[Stored records]

----

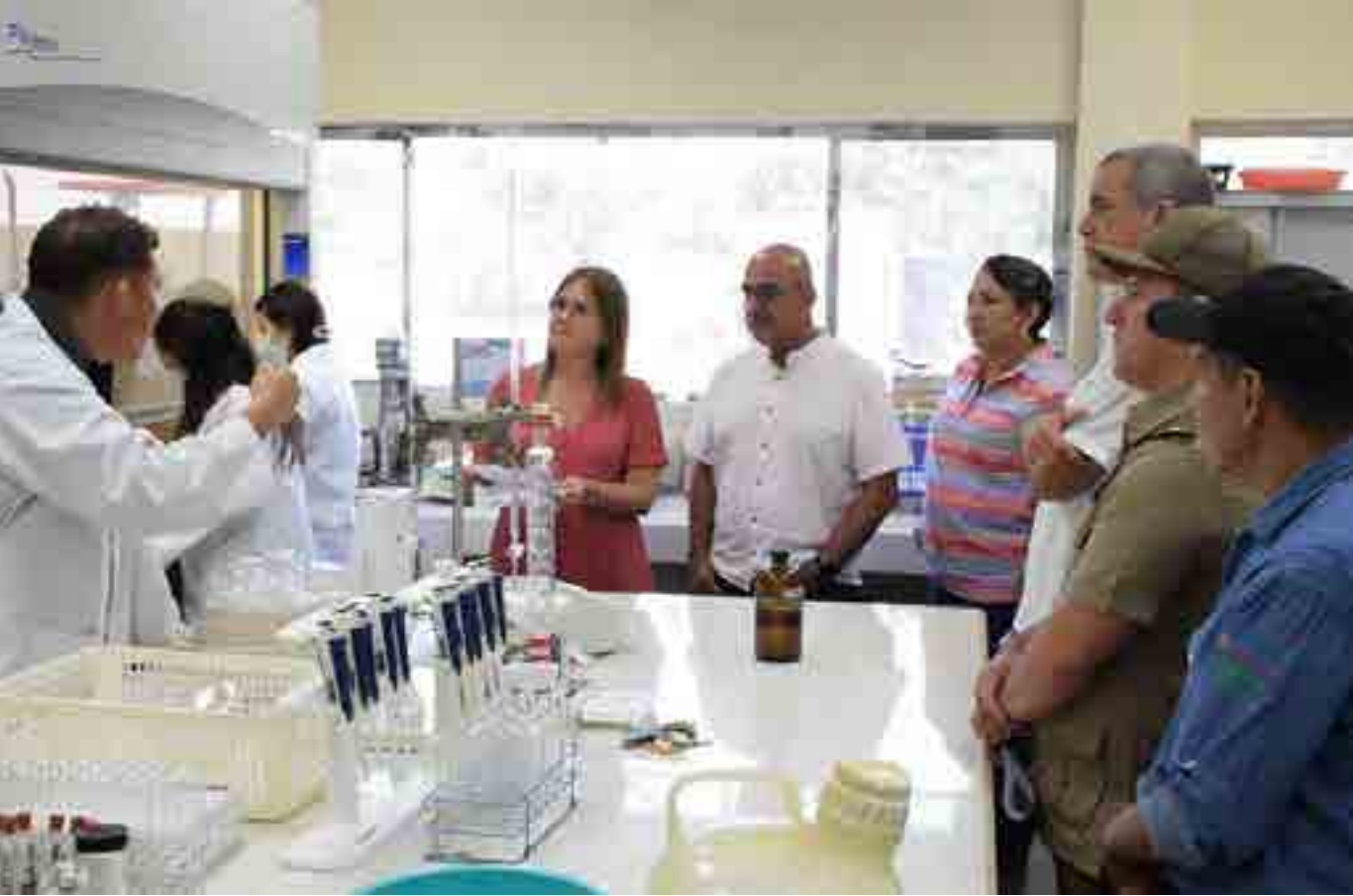
La diplomática, junto a otros miembros de la misión antillana, visitó el laboratorio especializado en suelo y agua, cuyas investigaciones han ayudado a ampliar las cosechas de los productores locales.

función del posicionamiento de las utilidades de la moringa, de la producción y necesidades de garantizar la soberanía alimentaria”, expresó la diplomática.
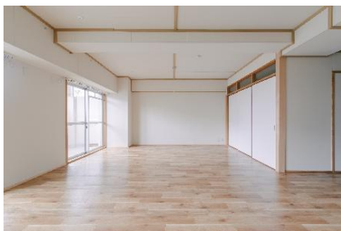
(グレードアップ LDK 化)

本稿では、県営住宅の維持管理および運営に関して、近年本県が重点的に取り組んでいる主な施策について紹介し、関係の皆様の一層のご理解とご協力をお願いしたいと考えています。
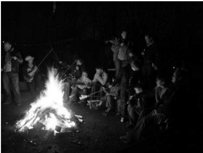
Het hele hete kampvuur.

Andere kinderen bleven nog even buiten bij het kampvuur, tot het vuur uit moest.
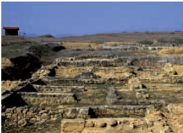
Lancia. El macellum (mercado) y las termas en segundo plano.

Aparece citada en Ptolomeo, en el Itinerario de Antonino, por Plinio el viejo, Floro, Dion Casio y Orosio, lo

----

> _WHAT THE TASK ASKS_:
Each line from the one containing "Andere kinderen bleven" through the last line of the entries above is to be extracted exactly. Pictures are not part of the copy.

> _YOUR RESPONSE_:
Andere kinderen bleven nog even buiten bij het kampvuur, tot het vuur uit moest.
Lancia. El macellum (mercado) y las termas en segundo plano.

Aparece citada en Ptolomeo, en el Itinerario de Antonino, por Plinio el viejo, Floro, Dion Casio y Orosio, lo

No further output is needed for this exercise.